For starters, we have to outline the importance of the topic. The training has to seem important to them. I often say that the WHY is just as important as the HOW, meaning that today’s generation of learner wants to know WHY they are learning what they are learning (and WHY it’s important) just as much (if not more) as HOW to do something. It’s up to the trainer to explain the importance of the task. Which sounds better? “Jim we need to make sure we have them fill out that accounting form 8 or accounting has a fit. It’s pretty self-explanatory so let me know if you have any questions” Or “Jim the reason we need to make sure we help our vendors fill out the accounting form 8 is that without it, their payment could be severely delayed coming from our accounts payable department. If that happens then that business owner may not have any money for a while and may not be able to get us the products we need to stay in business.
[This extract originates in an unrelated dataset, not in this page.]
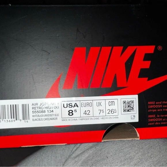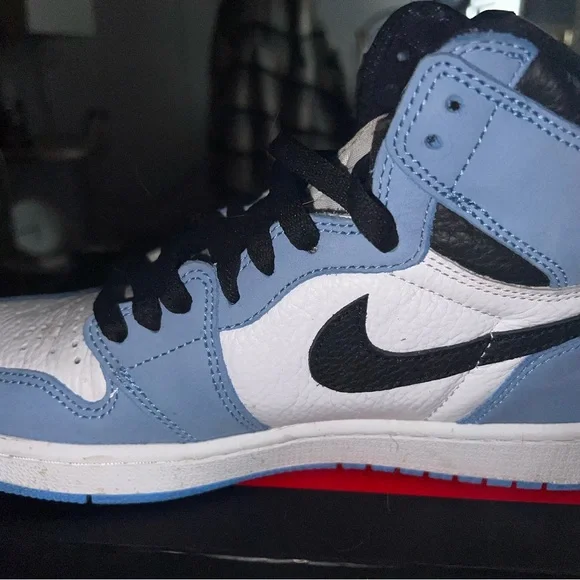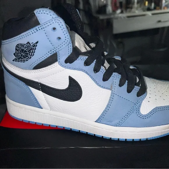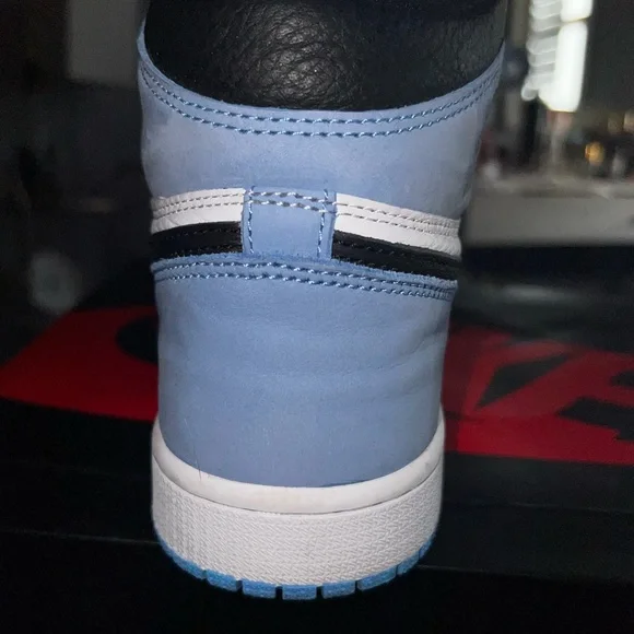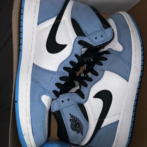 University Blue Jordan 1. Purchased for $390 but willing to sell for $230. the size is 10women 8.5men. comes with original box which is a little beat up but they have been stored only in the box. slight creasing on back of heel. stockx receipt available. willing to negotiate price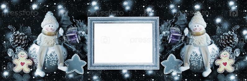 Широкоэкранный рождественский черный фон с игрушечными снеговиками, небольшим фейерверком и фоторамкой для текста. Частично тонированное изображение

So here’s how to fill it out…” Yes, number 2 is the way I’d lean too. Now they know there is some importance to what they are doing and not just mundane paperwork. The other way we can get them to desire our training is to make sure that every program we create is relevant, compelling, and consistently good. Once your company learning function gets a good reputation for putting out really good programs, people will automatically take them more seriously and even look forward to seeing what you create next. In addition, have others from your company review, and in some cases, help give you crucial information to make sure your training products are hitting all the points they need to and not teaching the wrong things. Too many times we as trainers think we know what should go in a program but we forget to get input from the end–users. Form a Training or Learning Committee comprised of different people in different levels of the organization. That way you aren’t creating training programs in a vacuum and the committee almost sells the program for you! Hello win-win situation! Much like when my wife asks me if I want chocolate chip cookies or brownies. Either way, who’s the big winner? That’s right, John’s the big winner.
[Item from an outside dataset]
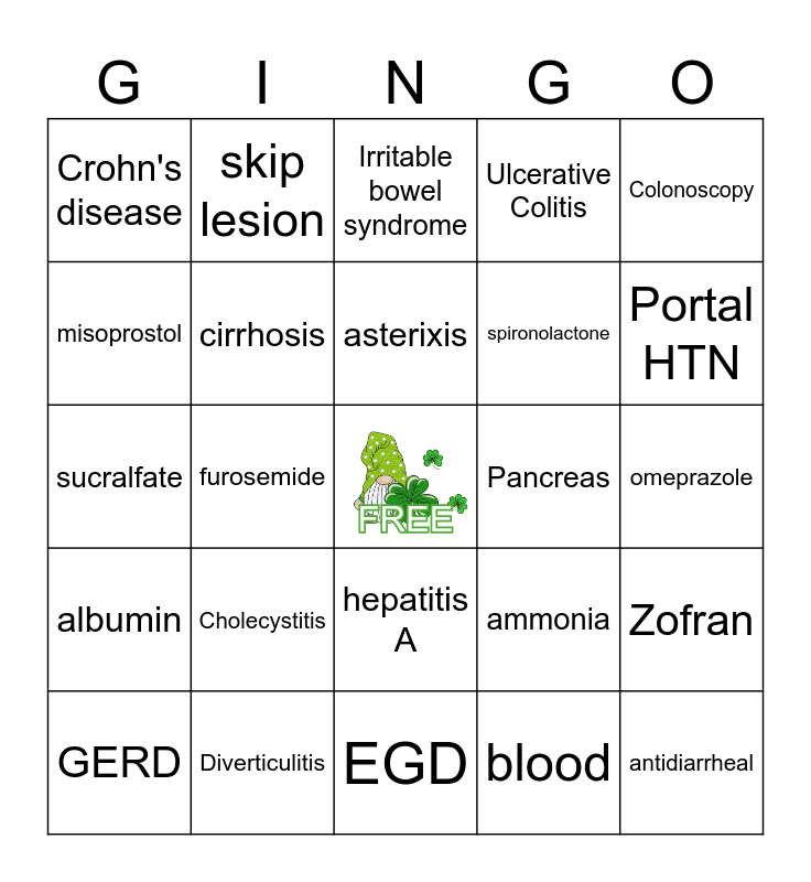 This bingo card has a free space and 24 words: GERD, Cholecystitis, asterixis, blood, Colonoscopy, Crohn's disease, skip lesion, Irritable bowel syndrome, Pancreas, omeprazole, sucralfate, cirrhosis, ammonia, Zofran, misoprostol, Diverticulitis, EGD, Ulcerative Colitis, Portal HTN, albumin, furosemide, hepatitis A, spironolactone and antidiarrheal.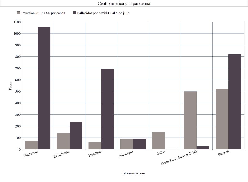 De esa cuenta el resultado en los países de la región es que aquellos que menos invierten en salud son los que más problemas enfrentan ahora por la pandemia y en donde hay más fallecimientos, pese a que casi todos tomaron medidas de prevención mucho antes de que la pandemia llegara a Centroamérica.

The second way this law is important is when it pertains to the folks who are training the trainees. When talking about the traits that make up a good trainer, no matter the industry, if you don’t list desire to train in your top 2 traits, then your list probably sucks as much as Training Binders. Many people believe you just take somebody who’s good at their job and make them a trainer so they can train others to be just like themselves. The problem with that is not everyone has the desire or the skill set to transfer knowledge to another person in a way they can digest it. Some people just don’t want to train others and they’d rather do other jobs. What you need to do is find the person that WANTS to train. That loves to train. Sometimes that may be your 2nd or even 5th best team member. If you don’t know who on your team wants that responsibility, try this crazy system for finding out: ASK! Yep, you will have to talk to people but it will be worth it in the long run. You’ll have people who have a desire to train and trainees that have a desire to learn. Once again, a win-win! And shouldn't that always be the goal of training? Thanks for having the desire to read this blog! Have a great day and make it count.